[Django]-Django post_save as celery task strange behavior

5👍

There are two issues with your code.

First one is the biggest, you are passing object instance to the tasks – this is explicitly marked as wrong approach in celery documentation, basically what you are doing is serializing your object in some state and passing it to celery to work on; but in meantime this object may change; as a solution you shall pass object id as parameter, so celery task can fetch it fresh:

build.delay(instance.pk)

...

@task
def build(my_key):
    instance = SomeModel.objects.get(pk=my_key)
    instance.status = 'Processing'
    instance.save()

Second issue is subtle in nature and rarely shows on the radar. First part of your code can be called in a transaction, that means that there may be a situation, where your task (in celery) will be faster than transaction commit and then your model will be saved first in the celery task, then by transaction – and here you have an issue.

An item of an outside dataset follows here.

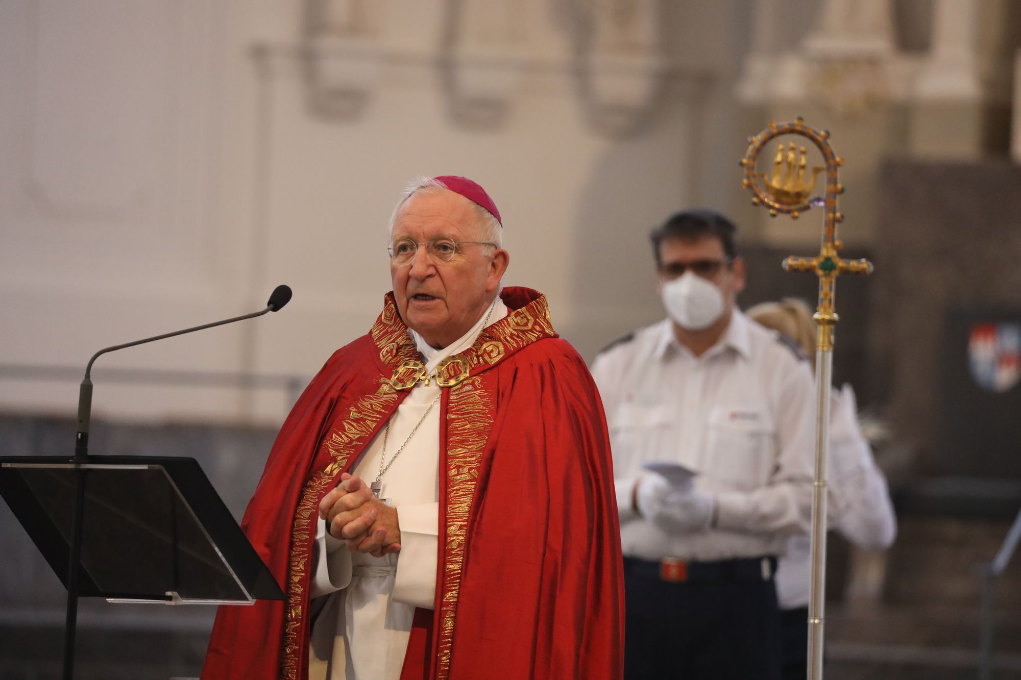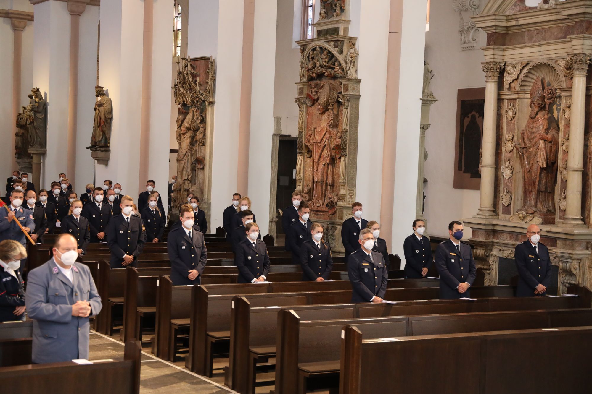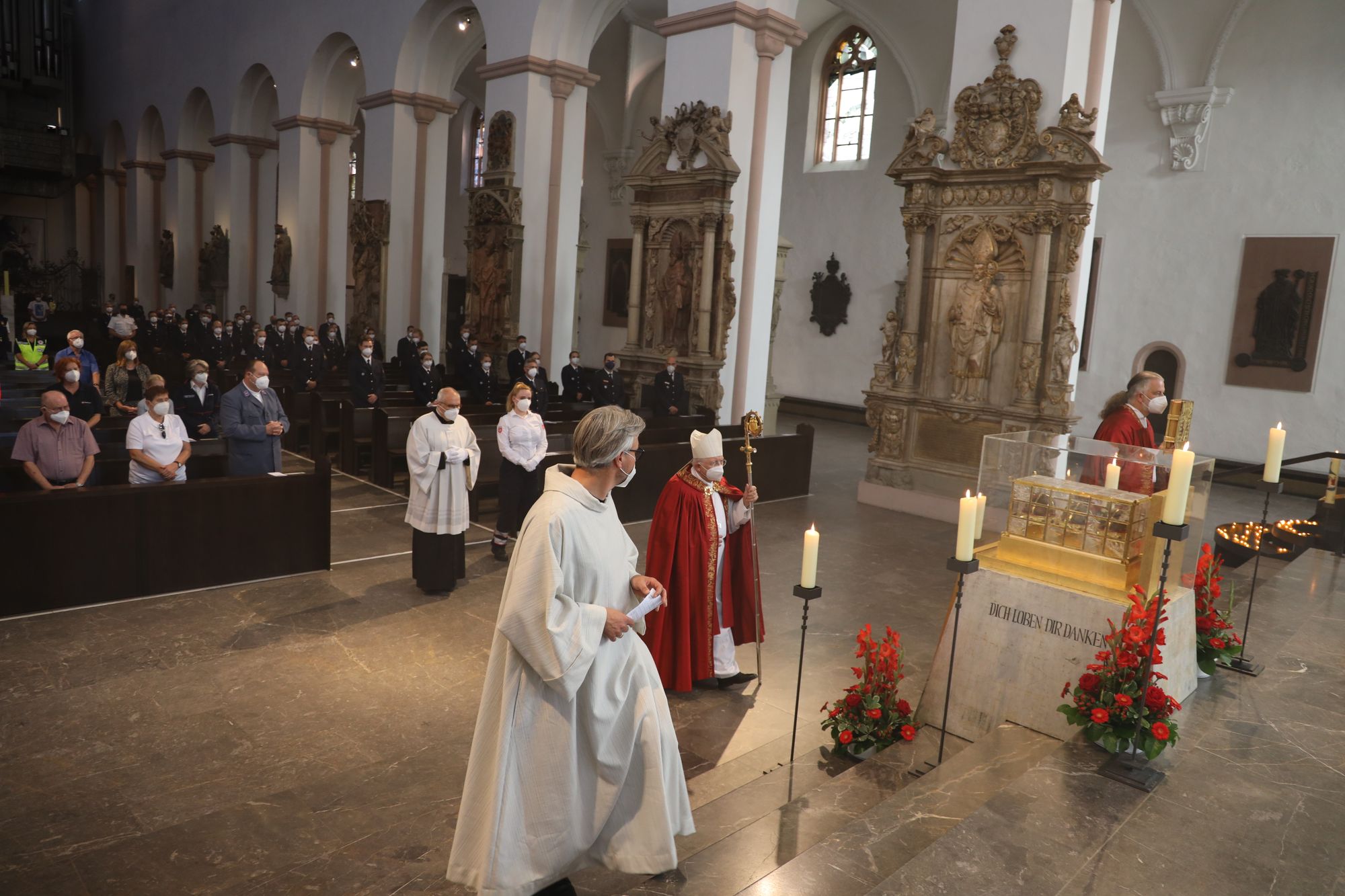 Die Frankenapostel seien keine Einzelkämpfer gewesen. „Wenn alle Kräfte zusammenwirken, können wir der Ohnmacht begegnen, die wir oft in uns erfahren, wenn uns Einsätze fordern.“ Ihren Kopf hätten die irischen Missionare für das Evangelium Christi hingehalten, das besage, dass Gott diese Welt bis in ihre Schrecken hinein liebt. „Für mich ist und bleibt das ein wahrhaft großer Zuspruch für unsere Welt.“ Die Frankenapostel haben nach den Worten des Weihbischofs ein unerschütterliches Vertrauen in sich selbst, in den Nächsten „und in den, den wir Gott nennen“ gehabt. Gottes Gesicht sei das Antlitz Jesu Christi. „In ihm hat Gott uns gezeigt, wie nahe er uns ist in unserem Leben und Sterben, in unseren Unsicherheiten und Ängsten. Das Vertrauen der Frankenapostel wünsche ich Ihnen auch bei Ihrem Dienst in und an unserer Gesellschaft.“ Pandemiebedingt konnte keine Begegnung nach dem Gottesdienst stattfinden.

If you change your code as suggested above, situation described as second issue may not happen or it will show different error.

To avoid such a problems it is good to call celery tasks from transaction.oncommit handler (introduced to Django in version 1.9)

One more comment, what I can see you are changing status of the object:

instance.status = 'Processing'

most probably as something informational but maybe used as a locking mechanism… there is very nice option select_for_update method of QuerySet, which will allow you to lock an object for the duration of transaction. This is especially nice for celery tasks, when you do:

instance = SomeModel.objects.select_for_update().get(pk=my_key)

it will stop your task waiting for other to finish (do not forget to put @transaction.atomic over this task)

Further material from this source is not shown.